Abolish the Au Pair Program

The American au pair program is closer to indentured servitude than cultural exchange.

The Au Pair Families of Massachusetts website leads with a lovely family photo: mom, dad, grandpa, two young children, and their au pair, all smiling together in front of the Washington Monument. Another shows a mother, father, au pair, and adorable baby sporting matching red berets. Others feature families and their au pairs laughing with a lobster on the Cape, grinning around a nautical-themed birthday cake, candlepin bowling, riding a carousel.

All are meant to demonstrate that au pairs are cherished members of the family participating in a mutually beneficial cultural exchange, not domestic servants desperately in need of a raise.

A federal judge saw things differently, ruling in December that Massachusetts au pairs are covered by state labor laws, and as such are entitled to the state’s minimum wage (now $12.75 an hour) and other basic labor rights in line with the 2015 Domestic Workers’ Bill of Rights. Starting January 1, pay for au pairs increased from $195 a week to $528 a week, which includes a $77 deduction for room and board.

Until this latest ruling, Massachusetts host families, many of whom reside in wealthy towns like Brookline and Newton, have enjoyed what is, for all intents and purposes, a cut-rate live-in servant. Whether a family had one child or five, a newborn or school-age children, au pairs were legally mandated to work up to ten hours a day and forty-five hours a week for $4.75 an hour.

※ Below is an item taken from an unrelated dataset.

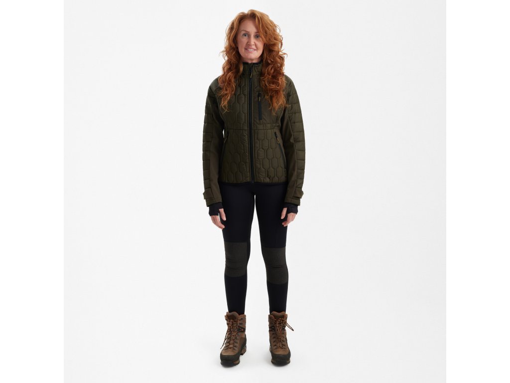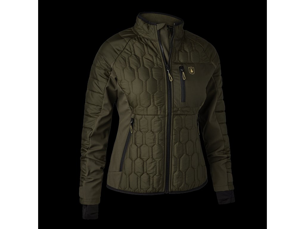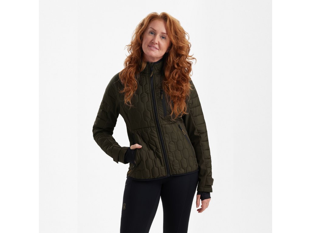 Moderná verzia klasickej prešívanej bundy, prešívaná bunda DEERHUNTER Lady Mossdale Quilted sa vyznačuje výrazným vzorom z prešívanej a softshellovej tkaniny s regenerovaným polyesterom pre maximálne pohodlie a teplo. Táto vodeodolná, zateplená bunda s manžetami proti vetru je ideálna na outdoorové aktivity alebo každodenné dobrodružstvá. S dostatkom vreciek na každodenné nosenie je praktická aj štýlová.Dodatočné parametre

Criticism of the au pair program has persisted since its founding in 1986. The General Accounting Office argued in 1990 that the sponsoring agency — the now defunct United States Information Agency (a Cold War–era soft power incubator) — was not “adequate to ensure integrity of the program,” while others recommended that the program be discontinued after its initial two-year pilot run because it didn’t meet the requirements of a cultural exchange.

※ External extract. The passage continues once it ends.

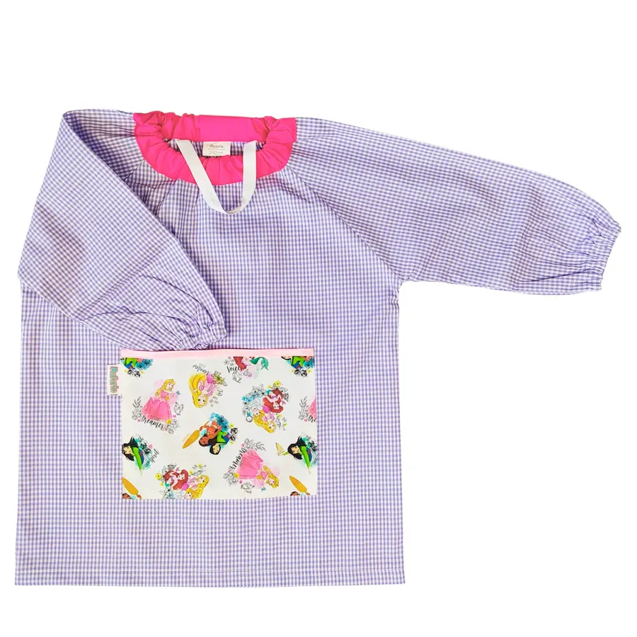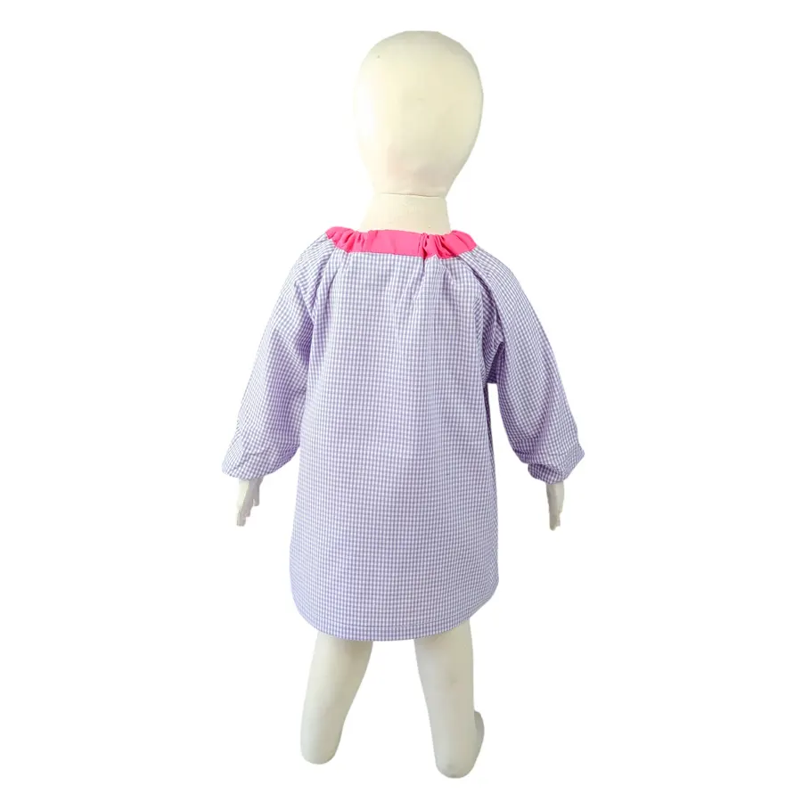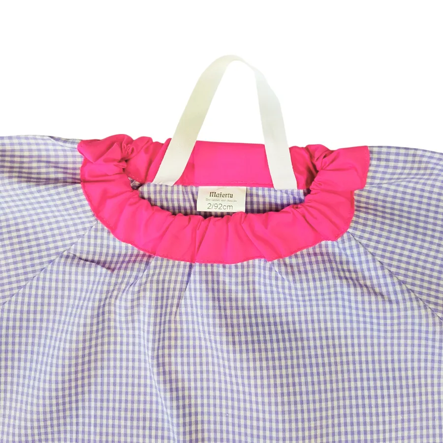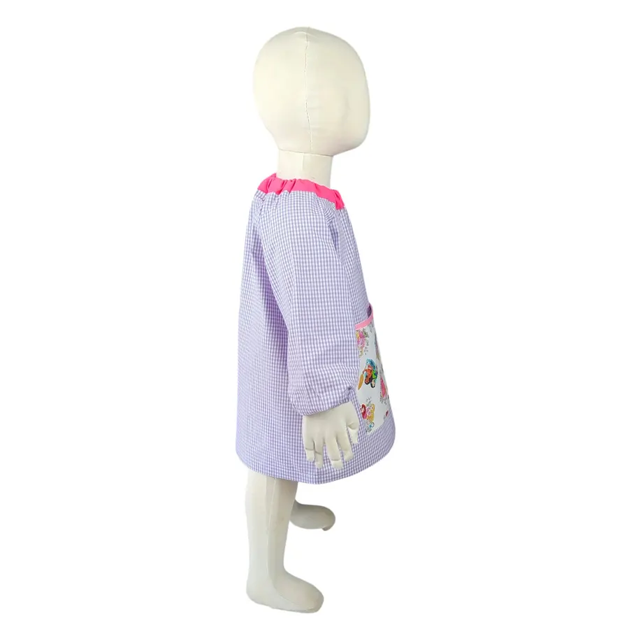 La prenda está confeccionada con tela vichy a cuadros lilas y blancos de 50% poliéster y 50% algodón de alta calidad y muy resistente. La tela del estampado para hacer el bolsillo es 100% algodón, al igual que los ribetes. El género es de doble hilatura para que así no calen fácilmente los líquidos. Incluye una beta de 20 cm cosida en el cuello que permite colgarla en el aula con total autonomía.
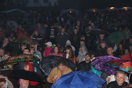 Хмельничани не тільки слухали, але й були активним учасниками святкового концерту. Молодь співала на сцені караоке і отримували свої призи. Поряд викарбовували ювілейні монети на згадку місцевим жителям лицарі вінницьког о «Ордена Сонця» на чолі з його магістром Олександром Шеметом. А коли на сцену вийшов Павло Зібров зі своїм запальним жіночим колективом, площу заполонили глядачі з різнокольоровими парасольками.

The issuance of J-1 visas, rather than H visas designated for temporary workers, was conditional upon au pairs doing substantively more than babysitting, laundry, and scrubbing toilets. Au pairs were expected to learn about American culture, study English, take college courses, and make friends.

But from the start, au pairs spent nearly all their time doing chores. Decades later, with nearly 100,000 au pairs having participated in the program, little has changed. As investigations from Politico and the International Labor Recruitment Working Group demonstrate, au pairs are an exploited and vulnerable population. Many au pairs say they are expected to be on call 24-7, with little time for classes or studying. They are often saddled with household chores (on top of childcare) that run the gamut from cooking and cleaning to gardening and moving furniture.

Thousands of au pairs have reported sexual harassment, verbal and physical abuse, and isolation. But instead of assistance, many have seen their contracts terminated, have been shuffled to other host families, or, fearing disqualification from access to a US visa in the future, have been pressured into silence by their agency handler.

Both the State Department and the au pair agencies, who earn huge fees facilitating the program, are well aware of these problems. Yet agencies have worked tirelessly to maintain the program as is, lobbying Congress to keep it in place despite trenchant criticisms from elected officials such as Bernie Sanders, workers’ rights groups, and au pairs themselves.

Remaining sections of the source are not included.